The Texas music scene was a complete gimmick and had absolutely nothing to do with the storyline or characters in any way. It was just used as a way to create some rhythm to the editing of what would have otherwise been a film entirely devoted to absurd prancing around, birdlike mating rituals, touching each other sensually, and then having a glow-stick party just to transition smoothly to another pointless, indulgent scene that doesn't develop anything new. So the "music scene setting" was an excuse to get a few famous musicians to film in your movie, and a way to explain the background of a film without a background.

The fact that this was shot in 2012, and not screened until 2017, gives me a pretty clear idea of how much garbage they originally shot. But it also raises the question as to why these specific shots and 'scenes' were chosen for the final cut. I feel terribly bad for Rooney Mara, who may have had a few good performances in there somewhere, but must have been cut somewhere along the way. For the first half of the films she doesn't say a single word on screen but seems to be the main character. In the end we don't feel sorry, we don't forgive, we're not proud of her, we basically don't give two shits what happens to any of them. And we aren't told what happens to any of them or given even the slightest glimpse of a conclusion. As someone who loves unanswered questions as a natural part of storytelling, normally I wouldn't mind this. But in Song to Song I found myself constantly saying, "what the heck is happening?" and "Who are these people?" and "Why are they doing these strange mating ritual things and looking away from each other in empty public spaces?" Those aren't the kind of unanswered questions that make you think.

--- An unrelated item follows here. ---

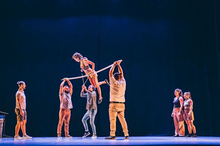 Al más puro estilo “sky-is-the-limit” llegan los valencianos Spinish Circus a prometer y a dar una buena dosis de adrenalina. Todo un viaje circense, que es también un viaje personal hacia lo desconocido, hacia los límites. Una historia más evocadora que explícita, en la que cada espectador podrá encontrar su significado, que sirve de contexto para un encuentro de trayectorias e identidades, inspiradas en el concepto del viaje, de la movilidad y el nomadismo que el ser humano lleva dentro como un motor. El mismo motor que nos empuja a ir más allá y al reto, en este caso acrobático, con siete personas en escena y elementos tan llamativos como el de la barra rusa.
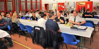 Blick in die Versammlungsrunde in der Garagenhalle der FFW Creuzburg.

The absolute number one criticism I have for the film is that hardly a quarter of the time are the characters doing anything that I would consider "normal" human behavior. Not one natural exchange, not one human emotion that wasn't overridden by self-proclaiming, melodramatic, bourgeois, in-your face filmmaking. It is trying to explore big ideas like trust and betrayal, obsession and connection, and past vs present, but there have simply been far too many films that have already explored these concepts in much better, easily interpreted and more enjoyable to watch ways. Majority of the film is spent with two characters walking in different directions running their hands along poles or walls, and the other half they are doing inappropriate public displays of affection. Also the setting changes almost every shot and there is never any explanation as to why or any logical explanation given as to why they are so alone in these public environments. I thought for a second he was pulling another artistic gimmick like "they are in their own world" or something like that, but that reading can't be justified because there is once in a while a few other people around.

My condolences to the editors, who had to cut this down for Malick's original 8 hour cut, and the actors who's performances were sabotaged by a crappy vision.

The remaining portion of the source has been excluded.